03.07.2013    source: ukraineanalysis.wordpress.com
Halya Coynash
With Presidential elections on the horizon, a green light has been given to circulation via the media of false information about political opponents, inconvenient journalists, civic organizations, etc. This is a powerful and dangerous weapon.

Plans last year by Ukraine’s ruling Party of the Regions to reintroduce criminal liability for libel rightly sent alarm bells ringing both in Ukraine and abroad   Scope for abuse given the judiciary’s notorious corruption and increasingly eroded independence was vast.  The possibilities are no less worrying where the courts give a judicial carte blanche to defamation, and the lack of media response to the clear danger signals from a recent appeal court ruling would make Pavlov turn in his grave.

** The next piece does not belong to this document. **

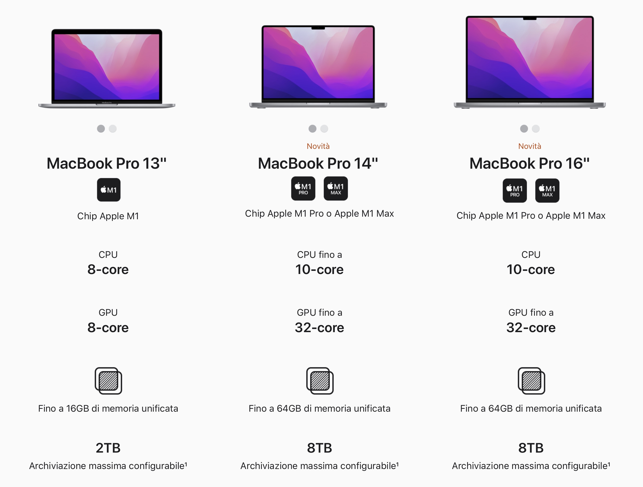 • MacBook Pro 14″: CPU 10‑core, GPU 16‑core, 16GB di memoria unificata, Archiviazione SSD da 1TB a 2.849€.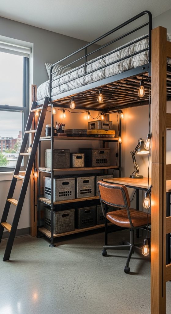 Why it works: The industrial touch paired with vintage accents creates a loft room that looks urban and lived-in — perfect for a dorm with minimal space.

The Kyiv Court of Appeal has overturned a 4 April judgment which ordered the State-owned and increasingly subservient UTV-1 channel to issue a retraction over information in a supposed documentary shown twice in primetime viewing hours. Since the information in question was provably inaccurate, the conclusion seems clear that, at least in certain circumstances, a television company can produce a film, call it a documentary and invent any purportedly factual details that it likes about a specific person. 

“Hades Hell”

The film “Hades Hell” is about four bomb blasts in Dnipropetrovsk on 27 April 2012 which made world headlines coming just 5 weeks before the Euro 2012 Soccer Championship, co-hosted by Ukraine.  Four men were arrested exactly one week before the first soccer match, with the Prosecutor General publicly informing President Yanukovych that the crime was solved and that they had all the proof needed of the men’s guilt.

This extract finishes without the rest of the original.